## Task statement
Beginning at the line that contains "Боярин в шубе и горлатной шапке", reproduce the entries below exactly, ending with the line that contains "Varsavia - Palazzo". Omit each picture.

## Data in this exercise
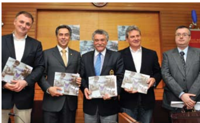
Από αριστερά: ο αντιδήμαρχος Πολιτισμού, ο δήμαρχος Θεσσαλονίκης, ο πρόεδρος του ΚΙΣΕ και της ΙΚΘ, ο πρόεδρος της Μακαμπή και ο συγγραφέας του βιβλίου.

Το λεύκωμα υλοποιήθηκε μετά από πρόταση της Ι.Κ. Θεσσαλονίκης προς το δήμαρχο Θεσσαλονίκης και αποτελεί μέρος σει-
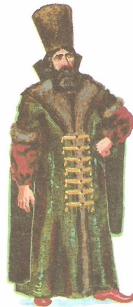
Боярин в шубе и горлатной шапке
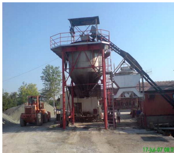
Silos za gotov asfalt
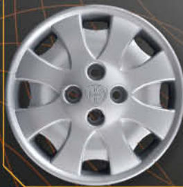
• 4281 Y LS
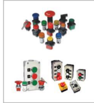
KUMANDA VE SINYAL EKİPMANLARI
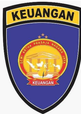
Gambar 2. 26 Logo Bidkeu
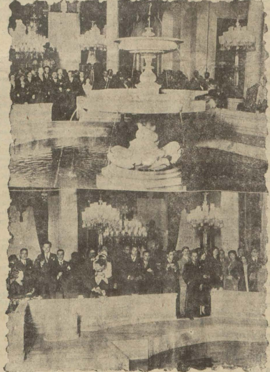
Murahasaların şerefine dün Beglerbeyi sarayına verilen çağ ziyafetinden iki itiba..

Boğazdaki gezintide balıklar misafirlere taze balık ikram ettiler.. zere altı Balkan hükümeti mümessillerinden mürekkep bir komite yapılmış ve Balkan memleketleri mük-
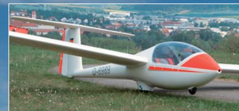
Ka 8 Oldtimer, Übungseinsitzer, Höchstgeschwindigkeit 190 km/h.

Im Aero-Club Bad Neustadt stehen derzeit 4 Segelflugzeuge, 1 Motorsegler und 1 Motorflugzeug für Ausbildung und Streckenflüge zur Verfügung.
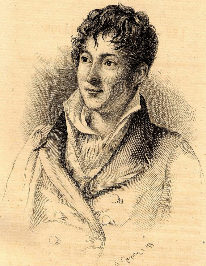
CHAMPOLLION-FIGEAC (JACQUES-JOSEPH) Né le 5 Octobre 1778 — + 6 Mai 1867.
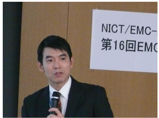
【 光電界プローブ及び その校正法に関する研究開発 】
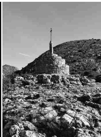
▲ El cau del Duc d'Ullà i la creu ens situaran a la meitat de la ruta.
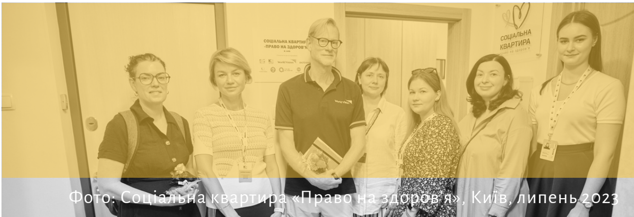
Фото: Соціальна квартира «Право на здоров'я», Київ, липень 2023
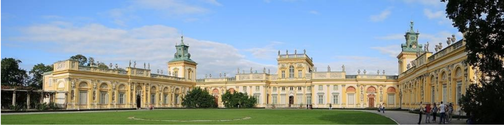
Varsavia - Palazzo di Wilanow, costruito da Giovanni III° Sobieski
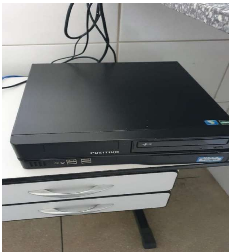
Gabinete Tombo - 086489 (funciona)
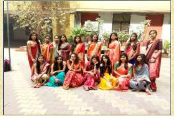
સાડી ડે ની ઉજવણી
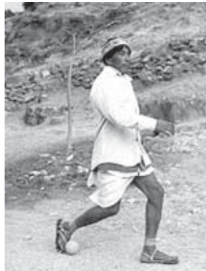
También conocida como rarajipumi.

donde las tarahumaras lanzan un aro con un bastón con el objetivo de llevarlo a una meta establecida antes de la carrera. Como sucede en el juego de la bola, son dos equipos de cuatro a 10 corredoras donde también se apuesta.
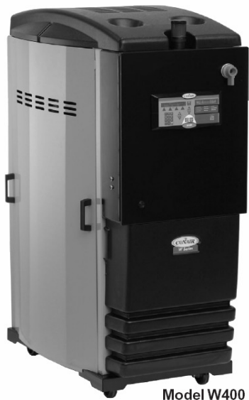
Model W400 Mit DC2 Steuerung und Alarmpaket
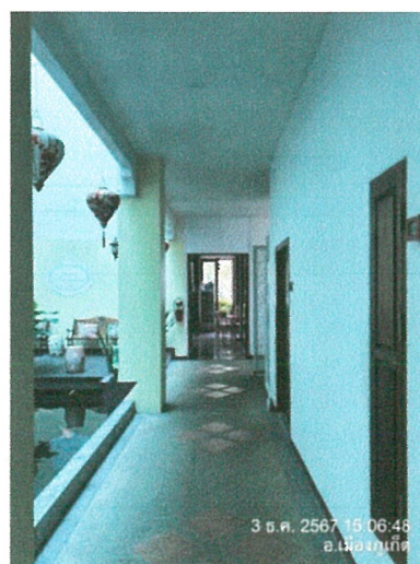
รูปภาพที่ 2.4 อาคารของโครงการ
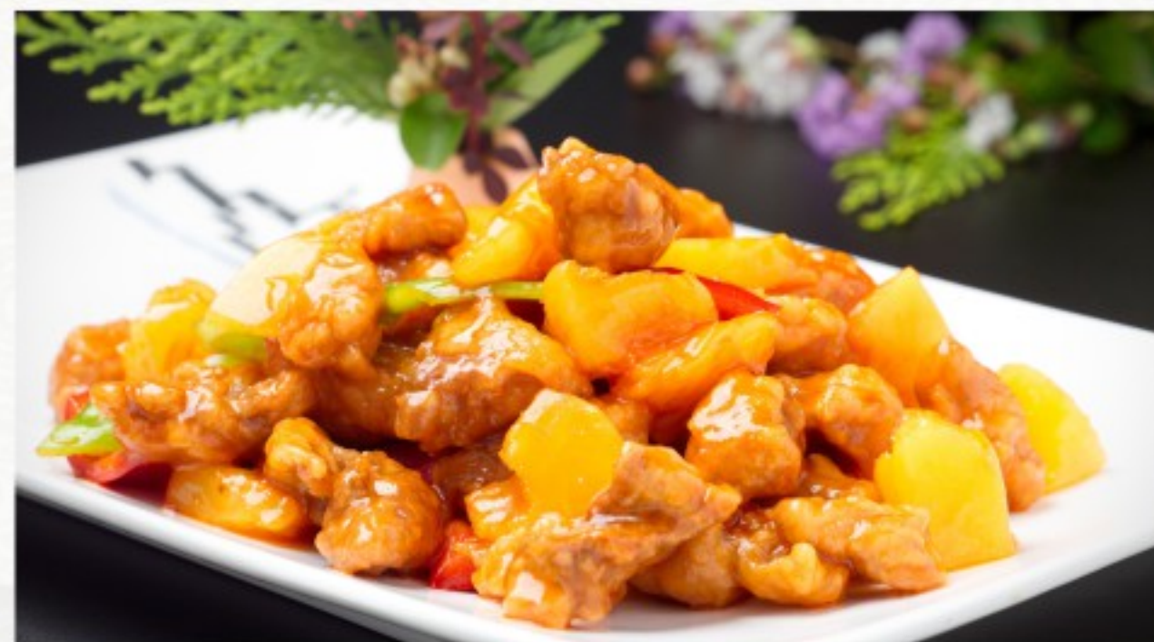
C15 糖醋里脊 24 CHF

Porc bouillons au marmite Braised pork with spices
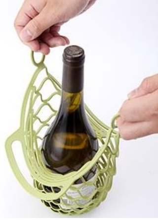
シリコン製ボトルホルダー 「BURINE」
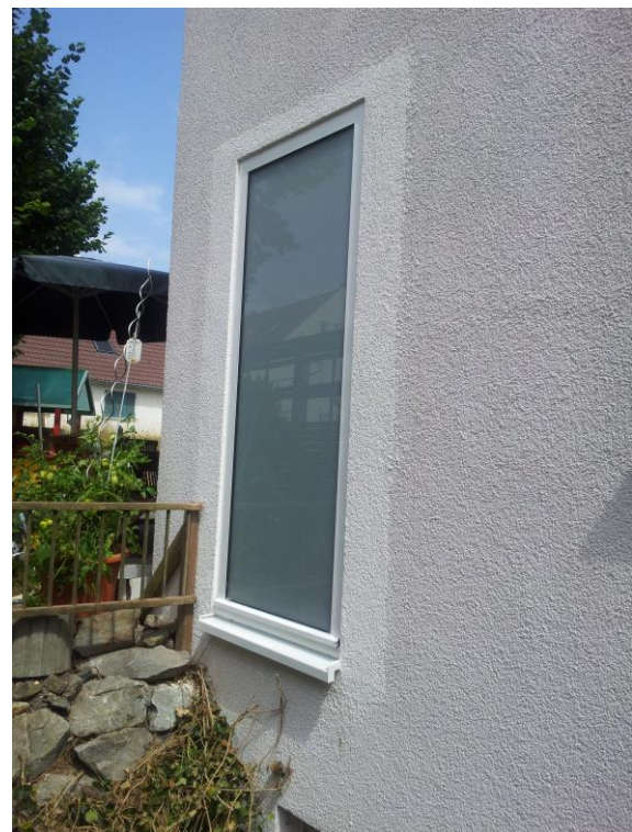
Solarkollektor eingebaut, Anstrich fehlt noch
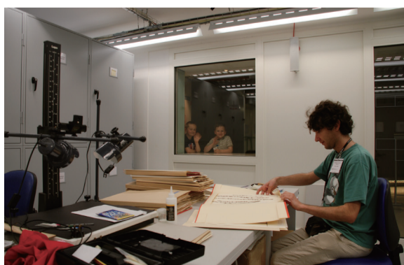
圖4-5 在倫敦的自然史博物館植物標本館，對外開了一扇窗，當研究人員在研究比對標本時，可能就是表演者，隨時有觀眾在外駐足觀看。

植物標本館具有繼往開來的使命及普及自然科學教育的功能，是值得做為任何一座自然史博物館下一個十年的任務。自然科學教育不只是看花草草或模型影像而已，也必須讓民眾知道標本館的重要性，如此才能培養新一代的科學家，而且是真正瞭解自然史的科學家。
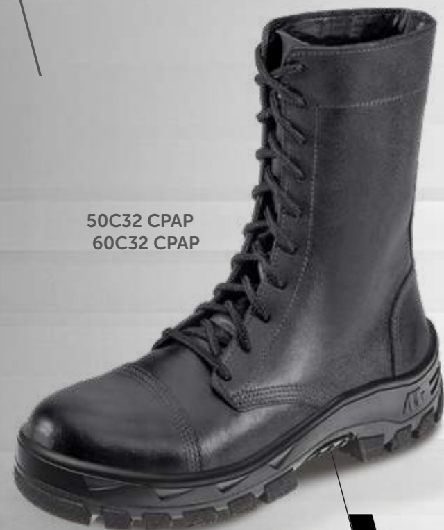
50C32 CPAP 60C32 CPAP
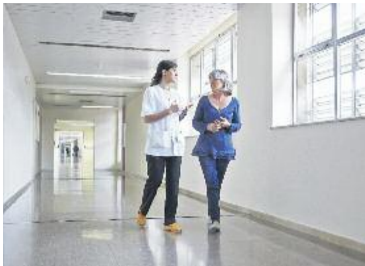
Els diners recaptats es destinaran a la Fundació Lluita contra la Sida.

Els diners que es recaptin avui i diumenge es destinaran íntegrament a la Fundació Lluita contra la Sida, establerta a l'Hospital Germans Trias i Pujol de Badalona i que atén les persones seropositives de Santa Coloma. "La fundació acull molt bé les perso-
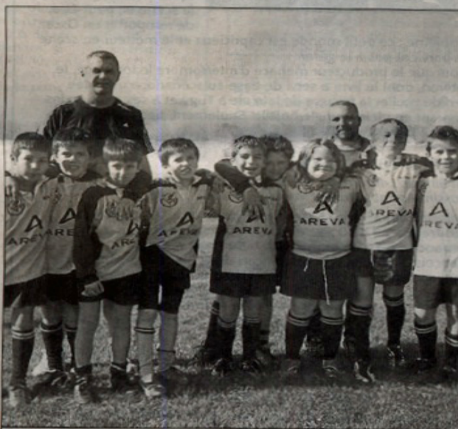
Les poussins du RCBM constituent une bande de copains.

Au cours du deuxième match, l'adversaire s'est fait plus coriace, mais les poussins du RCBM ont montré qu'ils ne manquaient pas de caractère.
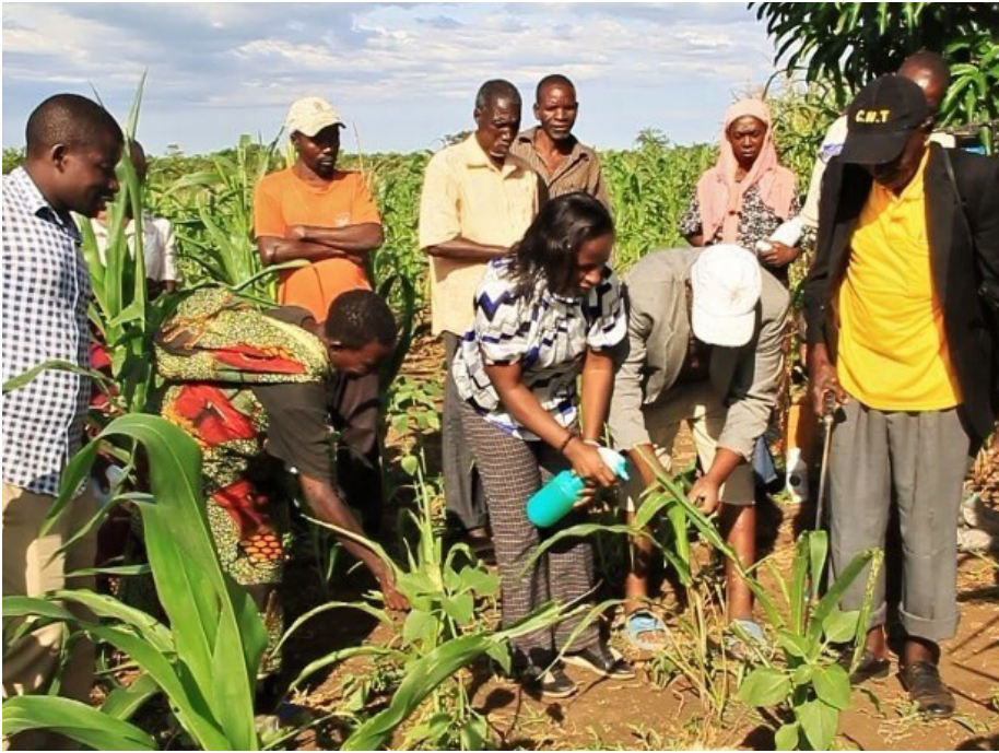
Watafiti na wakulima wakifanya majaribio ya Viuatilifu vya Kibiolojia vya Vuruga katika mashamba.

S hirika la Umoja wa Mataifa la Chakula na Kilimo (FAO) limetoa ufadhili kwa watafiti ili kutengeneza viuatilifu vya kibiolojia vitakavyosaidia kupambana na viwavi jeshi (FAW) wanaotishia usalama wa chakula na uhai nchini Tanzania.

## Answer area
Боярин в шубе и горлатной шапке
Silos za gotov asfalt
• 4281 Y LS
KUMANDA VE SINYAL EKİPMANLARI
Gambar 2. 26 Logo Bidkeu
Murahasaların şerefine dün Beglerbeyi sarayına verilen çağ ziyafetinden iki itiba..

Boğazdaki gezintide balıklar misafirlere taze balık ikram ettiler.. zere altı Balkan hükümeti mümessillerinden mürekkep bir komite yapılmış ve Balkan memleketleri mük-
Ka 8 Oldtimer, Übungseinsitzer, Höchstgeschwindigkeit 190 km/h.

Im Aero-Club Bad Neustadt stehen derzeit 4 Segelflugzeuge, 1 Motorsegler und 1 Motorflugzeug für Ausbildung und Streckenflüge zur Verfügung.
CHAMPOLLION-FIGEAC (JACQUES-JOSEPH) Né le 5 Octobre 1778 — + 6 Mai 1867.
【 光電界プローブ及び その校正法に関する研究開発 】
▲ El cau del Duc d'Ullà i la creu ens situaran a la meitat de la ruta.
Фото: Соціальна квартира «Право на здоров'я», Київ, липень 2023
Varsavia - Palazzo di Wilanow, costruito da Giovanni III° Sobieski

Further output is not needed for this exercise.